◆ Exercise details:
The answer should hold only the lines from the one containing "R0x4nne, black eyes, ginger" through the one containing "М’яке ліжко з" in the entries below, copied exactly, without pictures.

Start of Task input

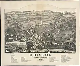 Extensive deposits of fine sand or clay similar to the "Bristol Sand" used in Bristol, England, to make fine china and pottery gave the town its name. Here the sand was used to make a superior quality brick, marketed as Bristol brick. With water power from the Newfound River, the town was a center of manufacturing in the early days for goods such as paper, leather, woolens, flannel, bedsteads and piano stools.[4]
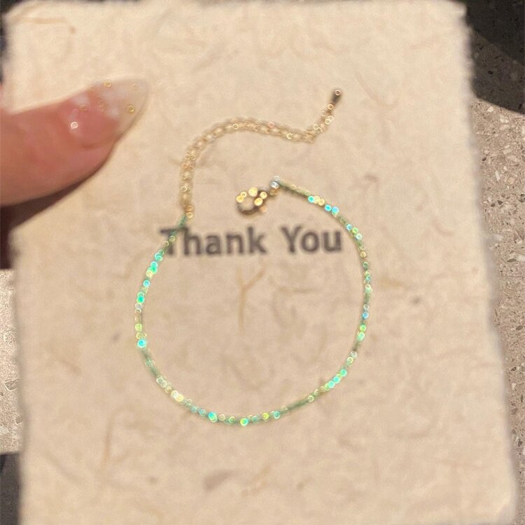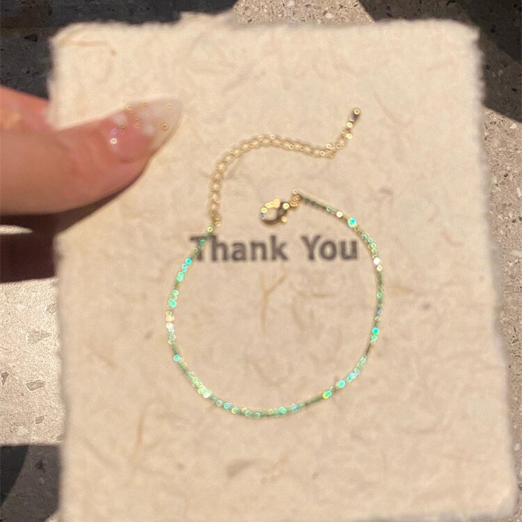 薄荷曼波绿色闪钻手链森系清冷高级感精致设计轻奢手饰小众设计感
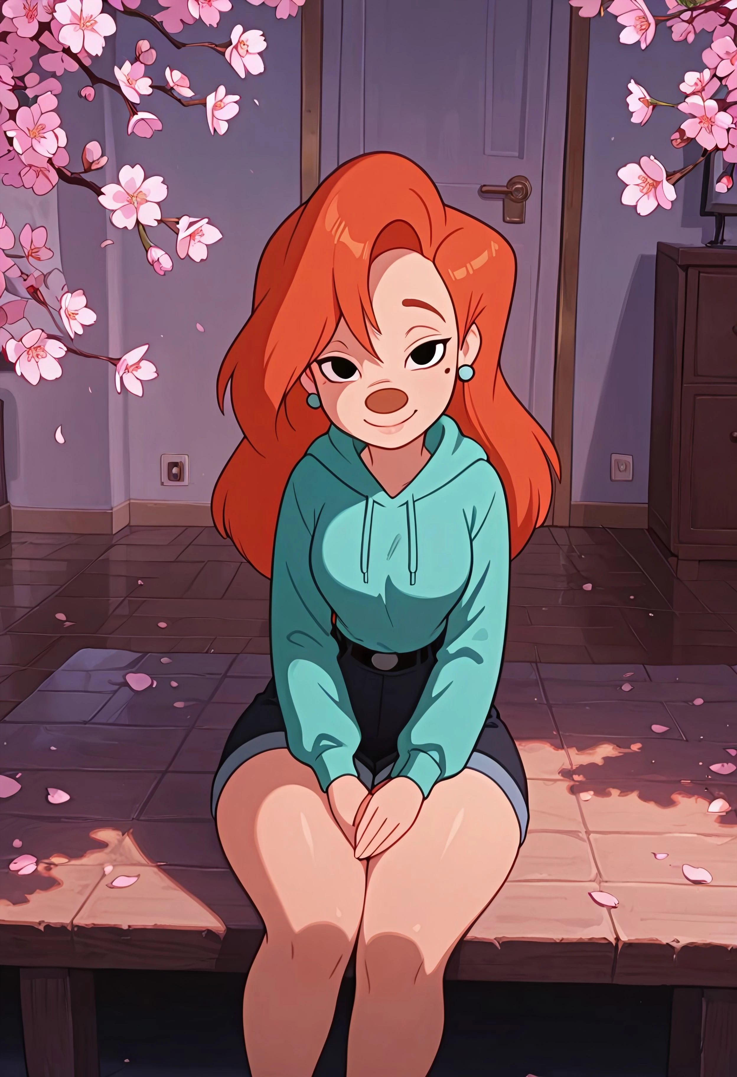 R0x4nne, black eyes, ginger hair, long hair, mole under eye, earrings
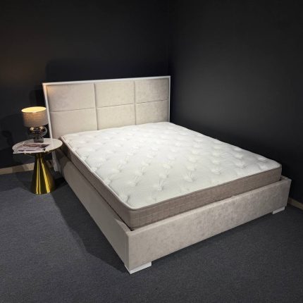 М’яке ліжко з високим узголів’ям.Стильне сучасне ліжко з м’яким узголів’ям, яке створює комфортну та затишну атмосферу у спальні. Узголів’я оббите приємною на дотик тканиною та має лаконічну форму, що чудово підходить для сучасних інтер’єрів. Міцна конструкція забезпечує надійність і довговічність, а м’яка оббивка додає елегантності та комфорту.Ліжко гармонійно поєднується з різними стилями меблів та стане стильним акцентом у вашій спальні.
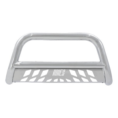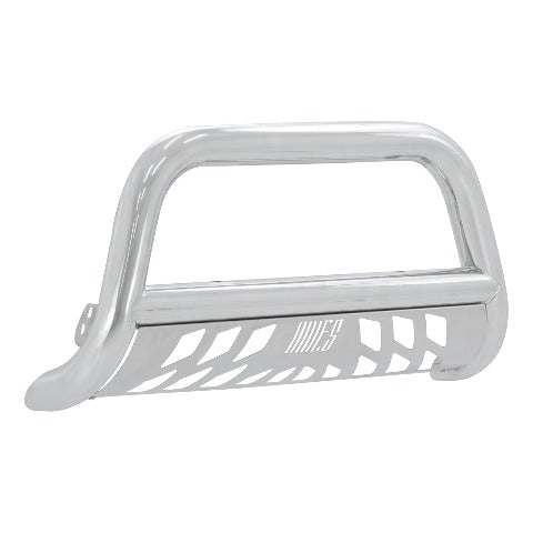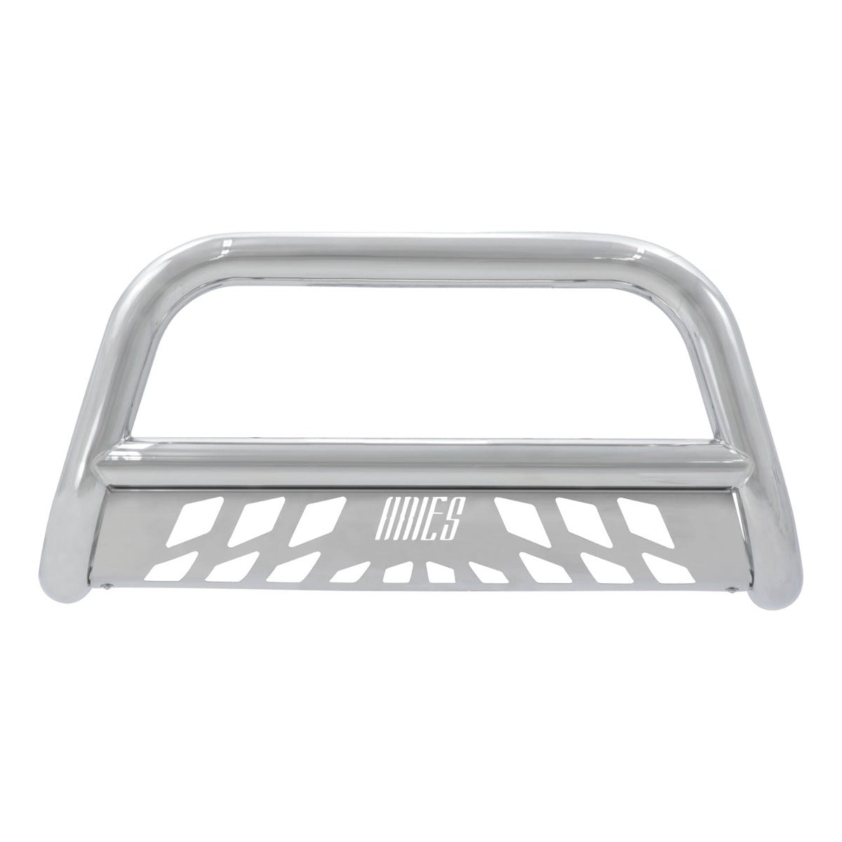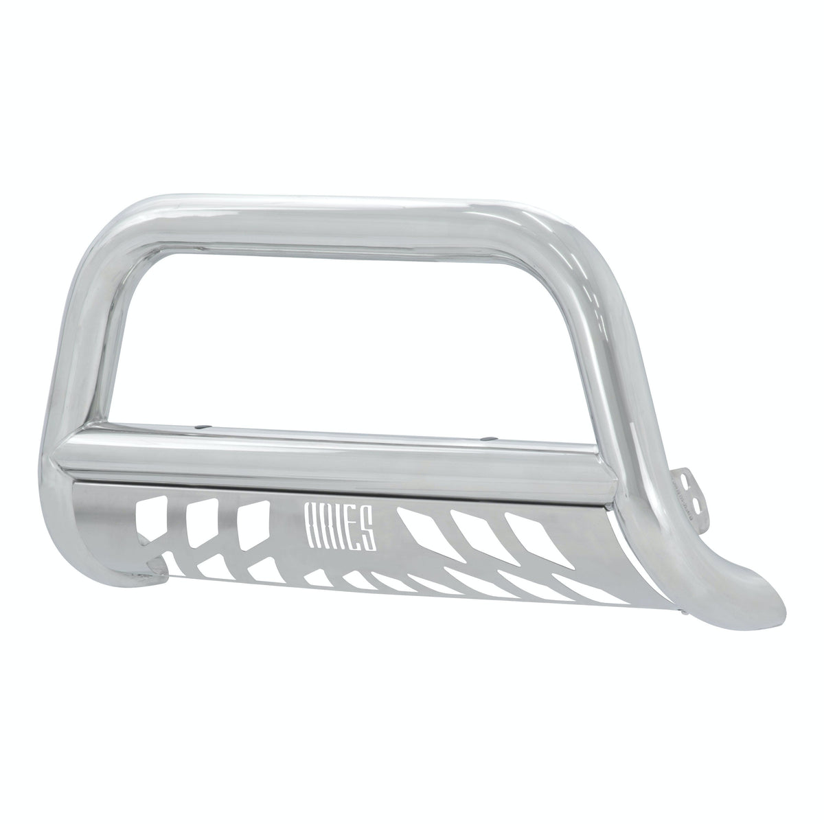 The ARIES 3" bull bar is made for those who face the uncertain road without fear. This particular model is constructed from 304 stainless steel. 304 stainless is high in nickel content, allowing the bull bar to easily resist water, road salt and rust and maintain its mirror-like polished finish in spite of the elements. Other available finishes include high-gloss black stainless steel, textured black steel and semi-gloss black steel. Customizing the look of your vehicle is simple with the ARIES 3" bull bar. It is equipped with pre-drilled light mounting holes and a removable skid plate. The center crossbar features two pre-drilled holes that readily accept an LED light bar or two LED work lights. The skid plate is made from 304 stainless steel and has a brushed finish to stop rust and hide scratches and scuffs. It also features an aggressive, ARIES-exclusive cutout pattern and can be removed for a customized look. Each ARIES 3" bull bar is made a vehicle-specific design, meaning that for each make and model, the bull bar has a custom bend and unique mounting brackets. This allows for the best possible fit on your vehicle and ensures solid attachment. The brackets also use pre-existing factory holes in the vehicle's frame to eliminate drilling, speed up installation and increase rigidity. This bull bar fits select model years of the Chevrolet Silverado 2500 HD or 3500 HD and GMC Sierra 2500 HD or 3500 HD (see application info to verify fitment).
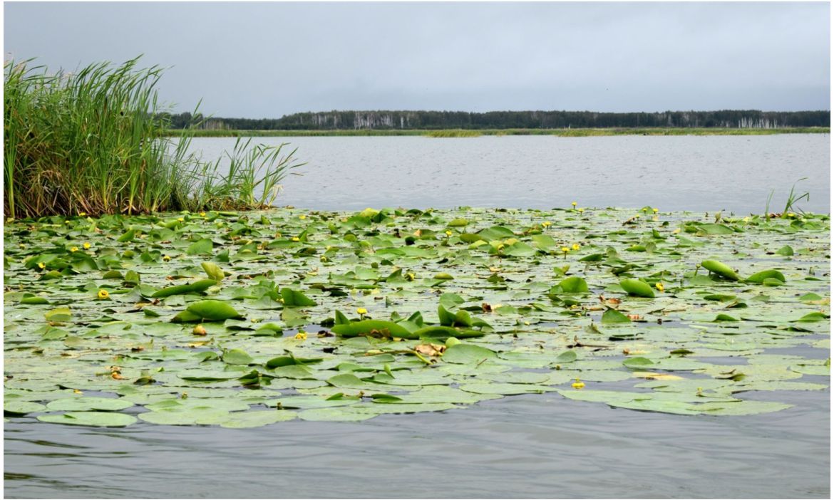 Рис. 4. Фрагмент фитоценоза Nuphar lutea по краю сплавины в оз. Бугалы. 13.08.2023 г.
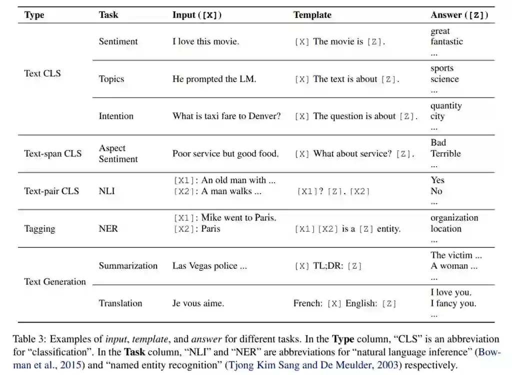 下表 3 为不同任务的输入、模板和 answer 示例:
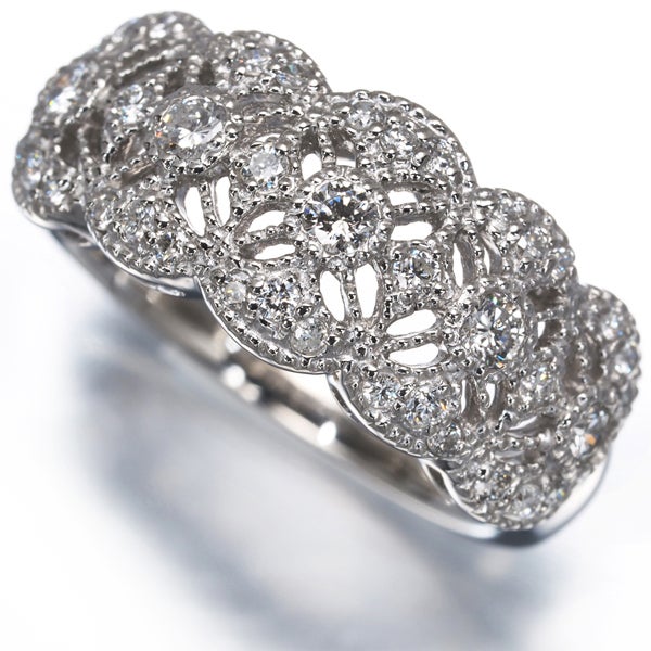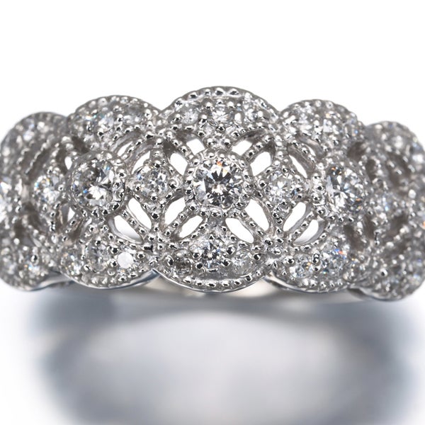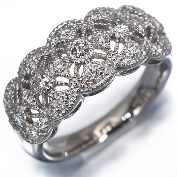 繊細なミルグレイン細工と透かしをあしらった美しいプラチナジュエリー。共に輝く上質ダイヤモンドと共にエレガンスな雰囲気を演出してくれるリングですよ。
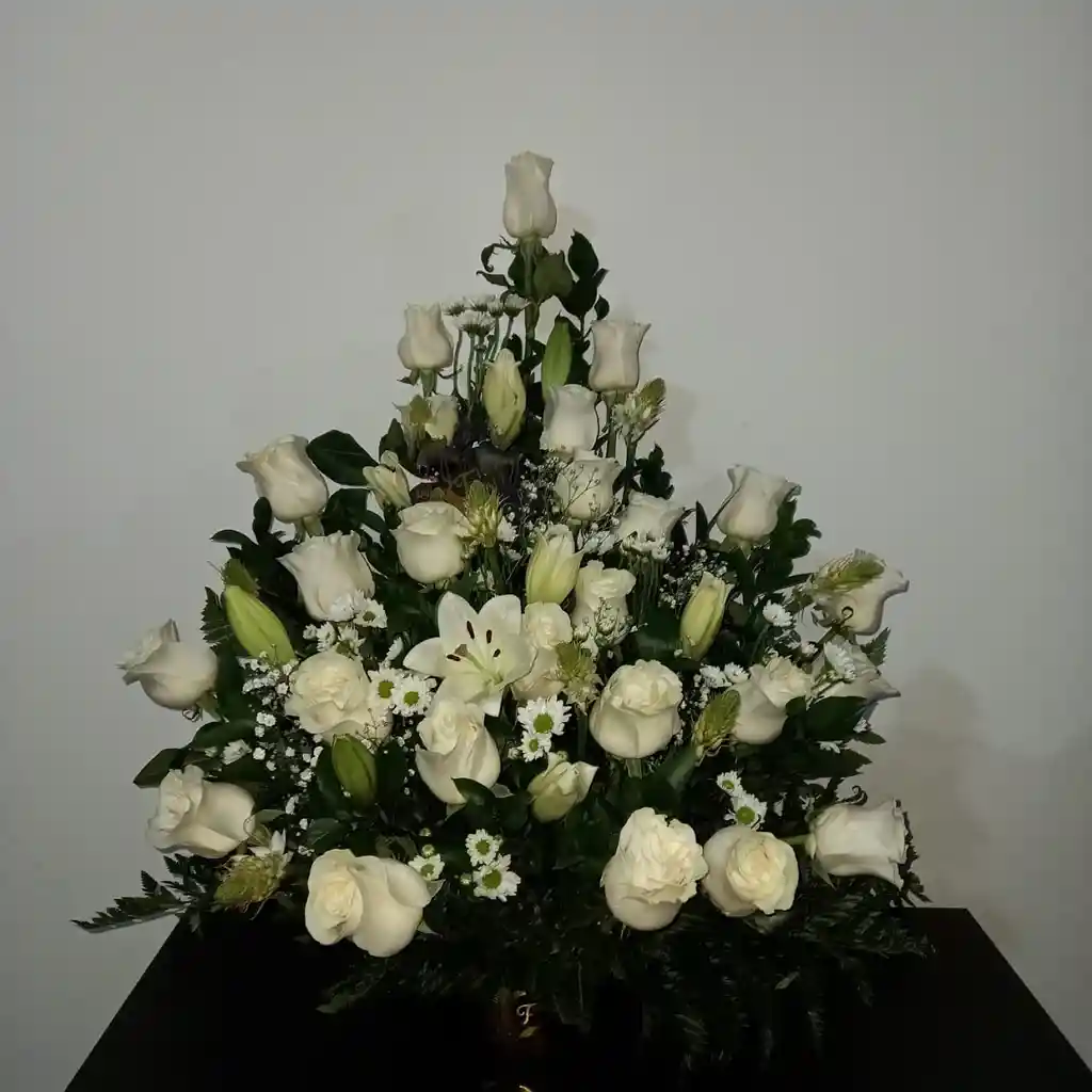Arreglo Floral para funeraria mediano con 20 Rosas Color a Disposicion , Varas de lirios color a Disposicion, Estrellitas , Follajes verdes y Blancos, en Base de madera, incluye moño, cinta membreteada y tarjeta con mensaje de condolencia

End of Task input

◆ Reply to the task:
 R0x4nne, black eyes, ginger hair, long hair, mole under eye, earrings
 М’яке ліжко з високим узголів’ям.Стильне сучасне ліжко з м’яким узголів’ям, яке створює комфортну та затишну атмосферу у спальні. Узголів’я оббите приємною на дотик тканиною та має лаконічну форму, що чудово підходить для сучасних інтер’єрів. Міцна конструкція забезпечує надійність і довговічність, а м’яка оббивка додає елегантності та комфорту.Ліжко гармонійно поєднується з різними стилями меблів та стане стильним акцентом у вашій спальні.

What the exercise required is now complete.